On July 6, Microsoft announced approximately 4,800 layoffs, representing 2.1% of its global workforce, marking the latest in a series of AI-related layoffs in the tech industry. The company stated that the affected positions "will not be replaced by AI" but acknowledged that "AI is changing the way we work" by automating many routine tasks.

For many tech professionals, such layoffs have become a "pandemic": companies report record revenues while cutting staff, using AI both as a growth engine and a reason for layoffs.

According to data from outplacement firm Challenger, Gray & Christmas, May saw the highest monthly tech layoffs in years, with AI cited as the most frequent reason.

Layoffs.fyi, a database tracking industry layoffs since 2020, reports that approximately 120,000 tech jobs have been cut so far in 2026.

We previously wrote about why this logic warrants rethinking by companies—especially since, for many of these firms, the teams being laid off now are the same ones that expanded during the pandemic hiring boom, raising questions about what truly happened.

Below is a reverse-chronological list of major tech companies announcing large-scale layoffs in 2026, citing AI as a core driver.

Oracle — June 22, 2026

Oracle disclosed in late June that it had laid off 21,000 employees over the past 12 months, a 13% reduction—meaning actual layoffs were higher than previously known, including AI-driven cuts. "The adoption and deployment of AI technologies in our operations have resulted, and may continue to result, in workforce reductions," the company wrote in its annual financial regulatory filing.

GitLab — June 3, 2026

GitLab laid off approximately 350 employees, about 14% of its workforce, to fund AI infrastructure investments and handle surging traffic from AI workflows.

CEO Bill Staples stated that agent-driven workloads are "pushing competitors to the brink," prompting the company to initiate a "generational rebuild" of its core infrastructure to support what he called 100x growth demands. GitLab will exit 22 countries, flatten management hierarchies, and partner with an unnamed AI lab to rebuild its platform for agent-scale workloads.

The company reported first-quarter revenue of $264 million, up 23% year-over-year, and expects restructuring costs of $30–35 million.

Google — Through May

Alphabet's Google quietly laid off employees in its Cloud division, including Threat Intelligence Group and cybersecurity personnel linked to Mandiant—even as Cloud revenue surged 63%, surpassing $20 billion for the first time, with backlog orders nearly doubling to over $460 billion.

Over the past year, Google eliminated more than one-third of managers overseeing small teams—a 35% reduction in managers with few direct reports.

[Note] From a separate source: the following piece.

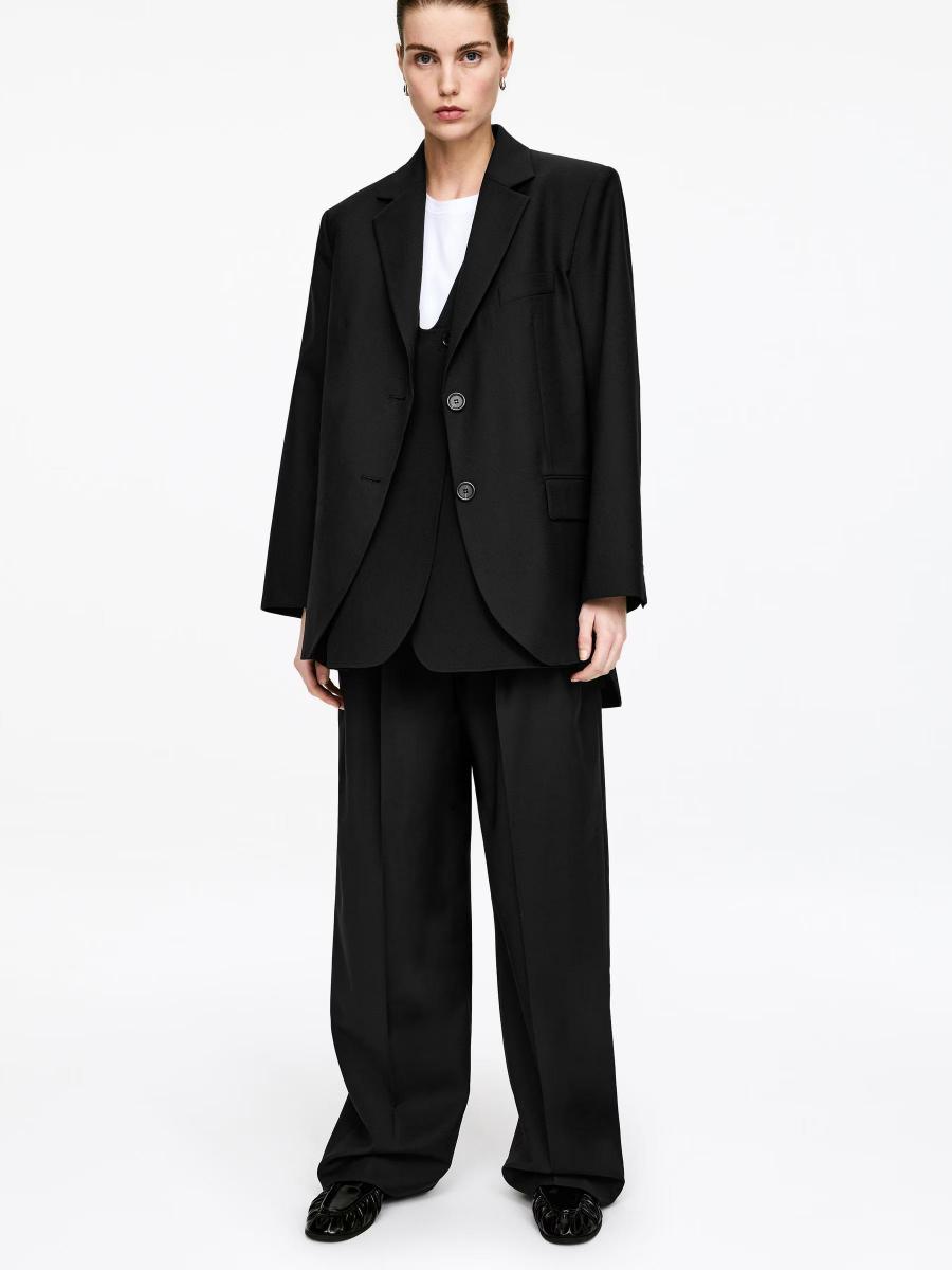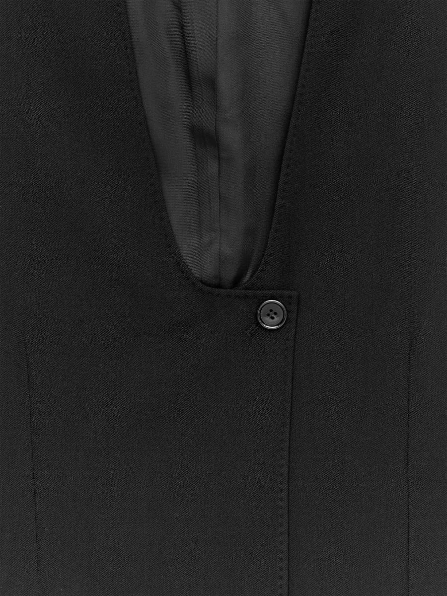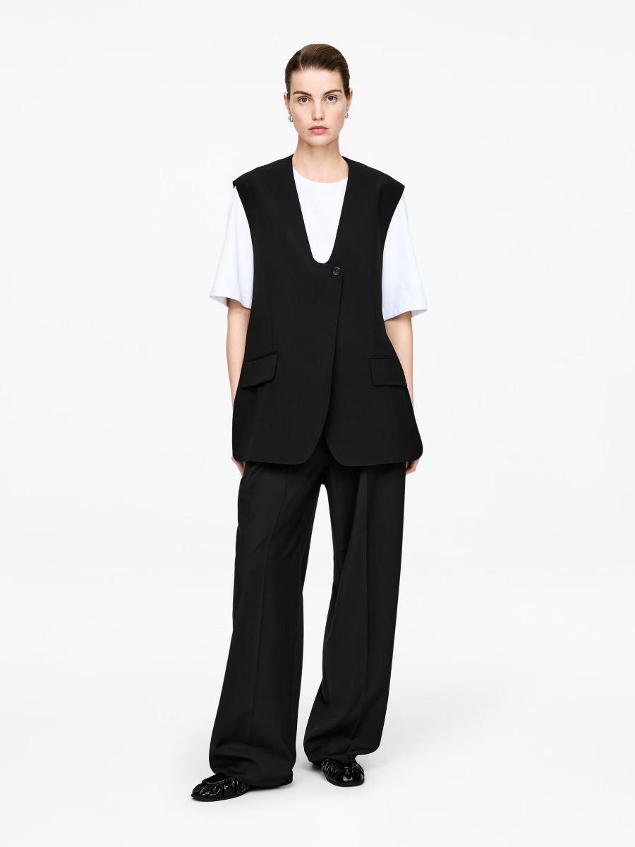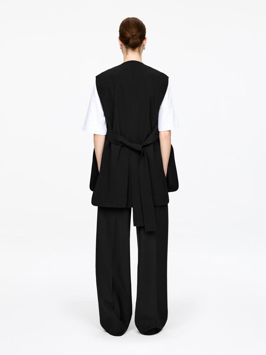 Designed for versatile styling, this tailored waistcoat is structured with subtle shoulder pads and a belted waist with button closure. Finished with double welt pockets with flaps and a clean button fastening at the centre front.ARKET/

Unlike most companies on this list, Google never disclosed a total layoff figure—cuts occurred through rolling performance reviews, voluntary buyouts, and structural reorganizations, with outside estimates ranging from 1,500 to 3,000+ engineers in 2026.

Intuit — May 20, 2026

Intuit announced plans to lay off approximately 3,000 employees—about 17% of its workforce—as part of a reorganization focused on "reducing complexity" and reallocating resources to AI. CEO Sasan Goodarzi reportedly told employees the company is simplifying its structure to deliver better products.

Meta — May 20–21, 2026

Meta laid off approximately 8,000 employees, about 10% of its workforce, while transferring roughly 7,000 employees to new AI-focused roles (which they reportedly disliked). CEO Mark Zuckerberg told employees layoffs were necessary because success in AI "is not guaranteed."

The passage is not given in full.